[SUPPLIED RECORDS]
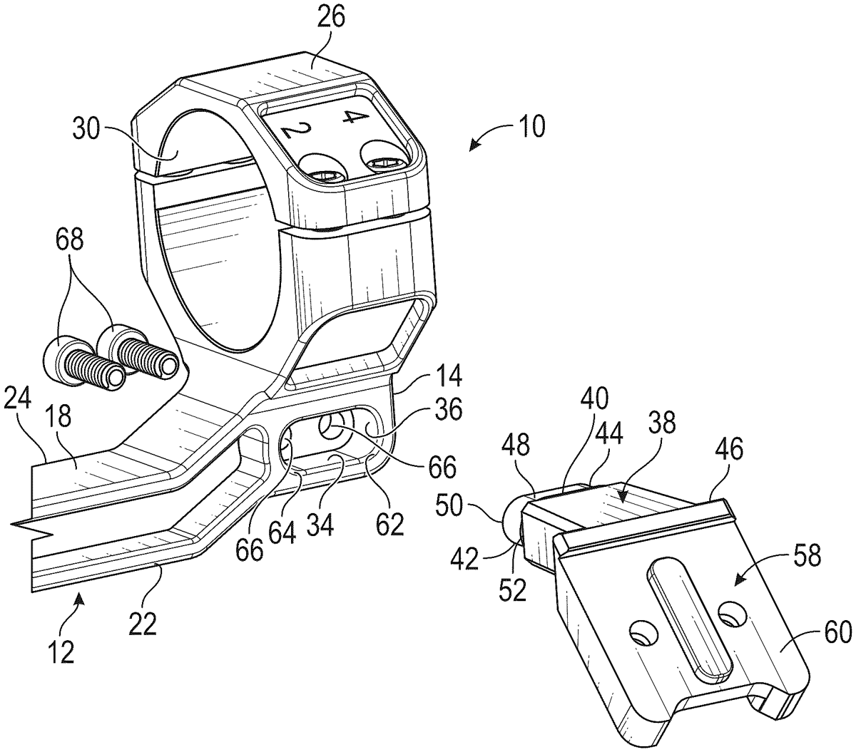 A firearm optic assembly has a body, the body having a first mounting facility configured to removably connect the body to the firearm, the body having a first receptacle configured to receive a first accessory, the body having a second mounting facility configured to removably receive a second mount portion associated with a second accessory offset from the medial plane, the second mounting facility including a pocket defined by one of the body and the second mount portion, the second mounting facility including a protrusion on the other of the body and the second mount portion, the protrusion being configured to be slidably or loosely received in the pocket, the protrusion having a free end and an opposed base end, the second mounting facility having an alignment facility including flared surfaces at the base end, and the flared surfaces being on opposing sides of the protrusion.
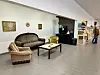 Ein Sofa, das zum Verweilen einlädt, gibt es auch.
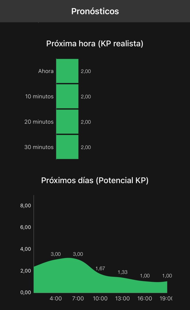 ÍNDICE KP: es el índice por el que se mide la intensidad de las auroras y va en una escala de 1 a 5 siendo la última la más alta.
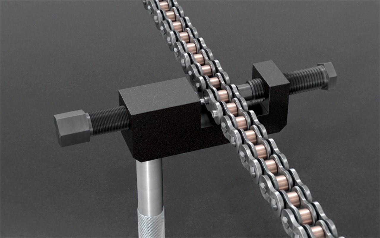 The worn chain may be removed with ease, and the replacement chain can be precisely assembled with hollow rivets so that the swingarm can remain in place. The instrument is made for chains of all brands (such as DID, Regina, RK, etc.). Two arbours for various diameters are now included with the tool. The built-in arbour is now more durable and compatible with both 5xx and 6xx chains. The extra arbour works particularly well with 4xx chains. Only a 19mm ring or socket wrench is needed for use in addition.
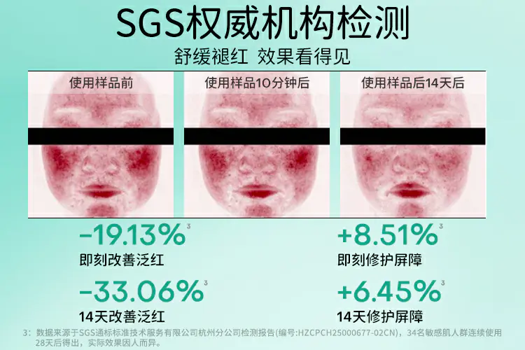 a.SGS实测泛红急救湿敷,即刻退红-19.13%,敏感反应降低7.04%
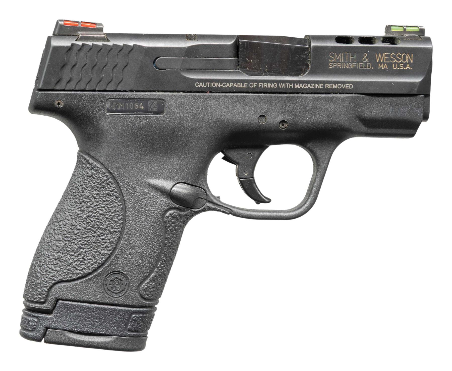 Cal. 40 S&W. S# HMM1064. Bbl. 3 1/3". Fiber optic sights. Ported Performance Center M&P Shield pistol. Matte black finish. Various markings have added yellow highlight. Polymer frame. MAGS: 1-7 rd. & 1-6 rd. Total of 2. UNATTACHED ACCESSORIES: matching numbered factory box with trigger lock & manual. CONDITION: frame & slide shows scattered handling marks & light carry wear. Action functions properly when hand cycled. Near excellent bore. (25-4888/MJC). MODERN. $400-600.
[/SUPPLIED RECORDS]
* _EXERCISE DESCRIPTION_: Retype each record exactly as it stands, but do not include the pictures.

* _RESULT OF THE EXERCISE_:
 A firearm optic assembly has a body, the body having a first mounting facility configured to removably connect the body to the firearm, the body having a first receptacle configured to receive a first accessory, the body having a second mounting facility configured to removably receive a second mount portion associated with a second accessory offset from the medial plane, the second mounting facility including a pocket defined by one of the body and the second mount portion, the second mounting facility including a protrusion on the other of the body and the second mount portion, the protrusion being configured to be slidably or loosely received in the pocket, the protrusion having a free end and an opposed base end, the second mounting facility having an alignment facility including flared surfaces at the base end, and the flared surfaces being on opposing sides of the protrusion.
 Ein Sofa, das zum Verweilen einlädt, gibt es auch.
 ÍNDICE KP: es el índice por el que se mide la intensidad de las auroras y va en una escala de 1 a 5 siendo la última la más alta.
 The worn chain may be removed with ease, and the replacement chain can be precisely assembled with hollow rivets so that the swingarm can remain in place. The instrument is made for chains of all brands (such as DID, Regina, RK, etc.). Two arbours for various diameters are now included with the tool. The built-in arbour is now more durable and compatible with both 5xx and 6xx chains. The extra arbour works particularly well with 4xx chains. Only a 19mm ring or socket wrench is needed for use in addition.
 a.SGS实测泛红急救湿敷,即刻退红-19.13%,敏感反应降低7.04%
 Cal. 40 S&W. S# HMM1064. Bbl. 3 1/3". Fiber optic sights. Ported Performance Center M&P Shield pistol. Matte black finish. Various markings have added yellow highlight. Polymer frame. MAGS: 1-7 rd. & 1-6 rd. Total of 2. UNATTACHED ACCESSORIES: matching numbered factory box with trigger lock & manual. CONDITION: frame & slide shows scattered handling marks & light carry wear. Action functions properly when hand cycled. Near excellent bore. (25-4888/MJC). MODERN. $400-600.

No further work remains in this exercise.